Abstract
Introduction
Clinical isolates of P. aeruginosa producing acquired β-lactamases such as GES-5 have caused outbreaks in several hospitals in different regions of the world, such as China, 33 South Africa, 15 Brazil, 20 and Spain. 32 VIM-family MBLs were first described in Europe in 1999 and since that time, specific reports on VIM-11 19 and VIM-13, 14 as well as on other VIM variants, have been made worldwide, at present reaching a family with 32 subtypes 18 (nomenclature is in accordance with that provided by G. Jacoby on the Lahey website available at www.lahey.org/studies/other.asp#table1]).

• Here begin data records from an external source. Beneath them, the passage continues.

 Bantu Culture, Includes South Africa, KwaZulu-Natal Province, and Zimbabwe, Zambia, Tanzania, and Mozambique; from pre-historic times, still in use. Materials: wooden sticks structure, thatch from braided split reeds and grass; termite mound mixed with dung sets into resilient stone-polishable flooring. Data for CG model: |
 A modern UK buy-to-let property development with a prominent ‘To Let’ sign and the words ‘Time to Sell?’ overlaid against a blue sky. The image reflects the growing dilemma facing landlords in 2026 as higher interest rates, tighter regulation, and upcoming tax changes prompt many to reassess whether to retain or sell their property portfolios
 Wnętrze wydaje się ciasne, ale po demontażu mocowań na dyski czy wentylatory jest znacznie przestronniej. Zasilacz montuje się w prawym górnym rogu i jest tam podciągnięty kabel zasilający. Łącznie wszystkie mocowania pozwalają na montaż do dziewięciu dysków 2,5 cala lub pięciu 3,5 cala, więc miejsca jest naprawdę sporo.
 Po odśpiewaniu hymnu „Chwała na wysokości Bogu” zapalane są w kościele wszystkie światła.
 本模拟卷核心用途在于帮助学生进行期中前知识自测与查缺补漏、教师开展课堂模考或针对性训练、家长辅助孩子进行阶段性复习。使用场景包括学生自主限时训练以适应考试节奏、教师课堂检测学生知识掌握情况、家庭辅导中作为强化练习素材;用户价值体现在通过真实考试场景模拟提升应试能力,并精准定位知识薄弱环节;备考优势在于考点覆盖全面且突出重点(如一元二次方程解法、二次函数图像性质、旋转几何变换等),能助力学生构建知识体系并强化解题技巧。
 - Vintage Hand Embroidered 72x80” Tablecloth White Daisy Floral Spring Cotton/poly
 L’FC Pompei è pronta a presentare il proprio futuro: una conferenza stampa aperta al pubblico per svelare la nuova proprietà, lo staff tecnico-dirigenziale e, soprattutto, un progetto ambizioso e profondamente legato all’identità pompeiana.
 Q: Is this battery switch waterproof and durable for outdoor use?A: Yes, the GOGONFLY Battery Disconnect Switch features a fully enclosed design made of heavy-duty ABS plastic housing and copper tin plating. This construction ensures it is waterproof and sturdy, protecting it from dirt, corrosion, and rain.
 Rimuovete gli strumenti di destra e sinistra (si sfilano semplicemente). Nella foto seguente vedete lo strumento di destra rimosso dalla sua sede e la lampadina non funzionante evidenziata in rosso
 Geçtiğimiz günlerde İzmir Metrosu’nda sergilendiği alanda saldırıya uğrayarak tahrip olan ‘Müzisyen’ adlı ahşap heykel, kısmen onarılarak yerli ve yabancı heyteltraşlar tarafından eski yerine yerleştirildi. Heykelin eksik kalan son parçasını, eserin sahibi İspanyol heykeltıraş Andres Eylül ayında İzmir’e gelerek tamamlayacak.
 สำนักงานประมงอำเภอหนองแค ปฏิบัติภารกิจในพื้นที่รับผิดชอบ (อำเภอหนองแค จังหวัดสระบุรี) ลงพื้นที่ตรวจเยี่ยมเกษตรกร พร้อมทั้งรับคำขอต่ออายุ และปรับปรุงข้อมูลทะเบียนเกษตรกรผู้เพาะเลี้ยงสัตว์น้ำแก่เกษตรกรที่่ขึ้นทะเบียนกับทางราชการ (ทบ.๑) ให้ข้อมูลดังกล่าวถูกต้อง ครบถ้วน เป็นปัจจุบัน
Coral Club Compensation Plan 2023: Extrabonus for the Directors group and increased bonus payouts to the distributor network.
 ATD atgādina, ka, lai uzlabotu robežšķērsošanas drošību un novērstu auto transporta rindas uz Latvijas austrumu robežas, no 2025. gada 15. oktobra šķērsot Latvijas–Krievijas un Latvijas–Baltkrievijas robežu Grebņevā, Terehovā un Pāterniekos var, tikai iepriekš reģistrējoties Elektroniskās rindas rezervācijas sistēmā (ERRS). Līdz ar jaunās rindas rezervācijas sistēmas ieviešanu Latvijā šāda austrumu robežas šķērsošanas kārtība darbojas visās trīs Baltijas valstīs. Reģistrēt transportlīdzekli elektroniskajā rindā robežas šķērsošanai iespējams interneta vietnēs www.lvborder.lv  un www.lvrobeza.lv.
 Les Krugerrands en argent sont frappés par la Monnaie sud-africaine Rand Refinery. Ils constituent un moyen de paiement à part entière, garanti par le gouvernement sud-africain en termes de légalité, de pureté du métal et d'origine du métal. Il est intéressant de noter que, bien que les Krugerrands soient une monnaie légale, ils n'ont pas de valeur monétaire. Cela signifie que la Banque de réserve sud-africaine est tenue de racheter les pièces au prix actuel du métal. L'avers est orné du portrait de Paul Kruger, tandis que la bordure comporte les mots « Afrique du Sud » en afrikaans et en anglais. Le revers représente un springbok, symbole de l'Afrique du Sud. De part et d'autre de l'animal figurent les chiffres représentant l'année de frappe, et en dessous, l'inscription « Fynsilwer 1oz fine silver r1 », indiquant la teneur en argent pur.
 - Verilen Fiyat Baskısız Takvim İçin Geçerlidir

The simultaneous presence of genes encoding MBLs and/or ESBLs has been described in P. aeruginosa. 32 In Mexico, blaVIM-2 was found in Escherichia coli isolates in 2009 17 and simultaneously with blaIMP-15 in P. aeruginosa clinical isolates in 2010. 24 In addition, a blaVIM-23 variant was identified in an Enterobacter cloacae isolate (GenBank accession number GQ242167).
The aim of this study was to determine the diversity of β-lactamases in a group of multidrug-resistant (MDR) isolates of P. aeruginosa involved in nosocomial infections in Mexico in 2004, demonstrating the novel combination blaGES-5 and blaVIM-11, as well as the previously reported blaVIM-2 and blaOXA-2.
Materials and Methods
Biological material
Fourteen imipenem- and ceftazidime-resistant P. aeruginosa isolates were studied. 5 These isolates were obtained from cases of nosocomial infections at the Intensive Care Service, Hospital of Infectious Diseases, La Raza National Medical Center, Mexican Institute of Social Security (IMSS) in Mexico City, from August to November 2004. Bacteriological identification was performed with the BBL Crystal® system (Becton, Dickinson and Company), and three isolates were selected at random to confirm identification at the molecular level, analyzing their 16S rDNA gene partial sequence (results not shown).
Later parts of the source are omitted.